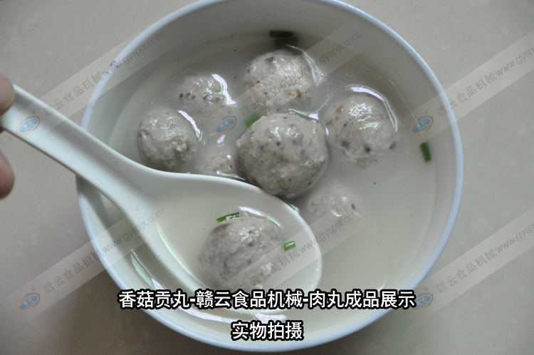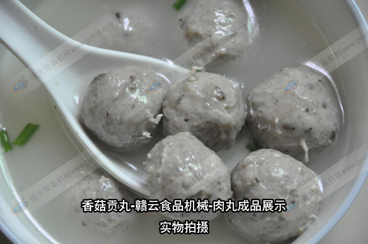 贛云食品機械肉丸成套設(shè)備的結(jié)晶,香菇貢丸,合作客戶獨家配方,用贛云牌肉丸設(shè)備制作的香菇貢丸,味美,有嚼勁,香菇原味,保證您吃了還想吃。香菇貢丸所需設(shè)備:自動絞肉機一臺,高速打漿機一臺,慢速打漿機一臺,食物切碎機一臺,貢丸機一臺,自動煮丸水槽一臺即可現(xiàn)做現(xiàn)賣,也可接單定做。相關(guān)設(shè)備的工作內(nèi)容:自動絞肉機碎肉,高速打漿機將肉粒快速打成肉漿,慢速打漿機將肉漿調(diào)味,食物切碎機將香菇切成細小顆粒,放入慢速漿機中和肉漿一起調(diào)勻入味,貢丸機將肉漿成型貢丸,自動煮丸水槽將成型后的肉丸初步定型。批量的香菇貢丸就是這樣制作而成。
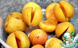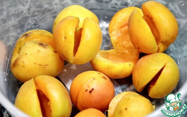 Промываем и обсушиваем абрикосы. Разрезаем пополам. Удаляем косточки.
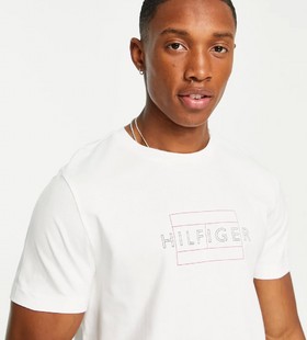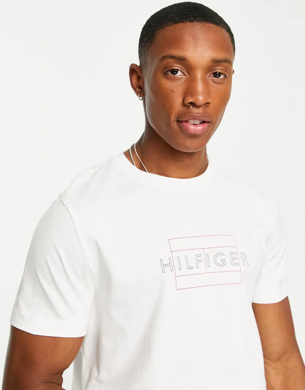 - Tommy Hilfiger linear flag logo t-shirt in white

━━━━━━━━━━━━━━━━━━━━━━━━━━━━━━

# WHAT YOU NEED TO DO
Skipping any pictures, transcribe the full listing exactly.

# OUTPUT FOR THIS EXERCISE
 贛云食品機械肉丸成套設(shè)備的結(jié)晶,香菇貢丸,合作客戶獨家配方,用贛云牌肉丸設(shè)備制作的香菇貢丸,味美,有嚼勁,香菇原味,保證您吃了還想吃。香菇貢丸所需設(shè)備:自動絞肉機一臺,高速打漿機一臺,慢速打漿機一臺,食物切碎機一臺,貢丸機一臺,自動煮丸水槽一臺即可現(xiàn)做現(xiàn)賣,也可接單定做。相關(guān)設(shè)備的工作內(nèi)容:自動絞肉機碎肉,高速打漿機將肉粒快速打成肉漿,慢速打漿機將肉漿調(diào)味,食物切碎機將香菇切成細小顆粒,放入慢速漿機中和肉漿一起調(diào)勻入味,貢丸機將肉漿成型貢丸,自動煮丸水槽將成型后的肉丸初步定型。批量的香菇貢丸就是這樣制作而成。
 Промываем и обсушиваем абрикосы. Разрезаем пополам. Удаляем косточки.
 - Tommy Hilfiger linear flag logo t-shirt in white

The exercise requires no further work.